---- Given information

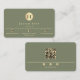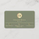 Elegant Sage Green Gold Shiny Circle Monogram Visitkort
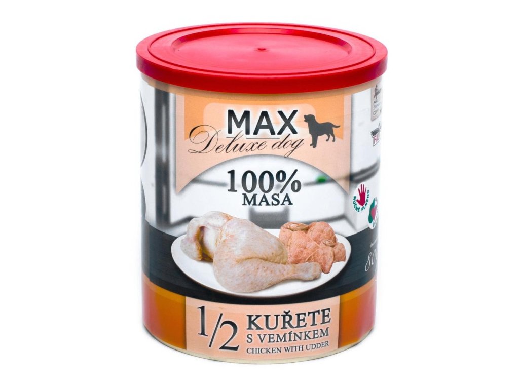 MAX Deluxe Dog 1/2 pui cu uger, conserva 800 g
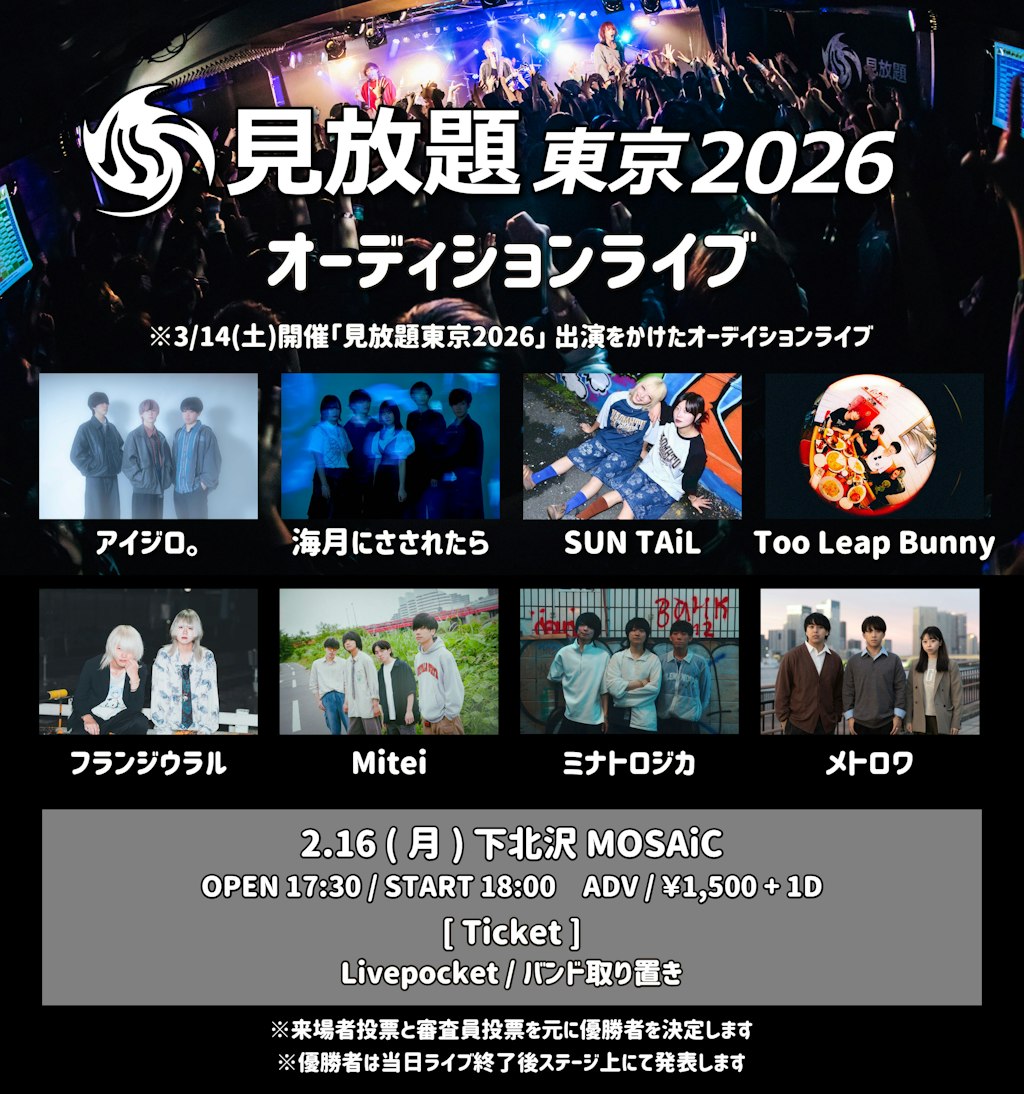 2026年3月14日(土)に新宿で開催される見放題東京2026への出演を賭けたオーディションライブは2月16日(月)下北沢MOSAiCにて開催されるが、そこへの出演アーティスト8組が発表になった。

--------

> _What this task involves_:
The preceding listing is to be restated word for word, with every picture omitted.

> _Answer to this exercise_:
 Elegant Sage Green Gold Shiny Circle Monogram Visitkort
 MAX Deluxe Dog 1/2 pui cu uger, conserva 800 g
 2026年3月14日(土)に新宿で開催される見放題東京2026への出演を賭けたオーディションライブは2月16日(月)下北沢MOSAiCにて開催されるが、そこへの出演アーティスト8組が発表になった。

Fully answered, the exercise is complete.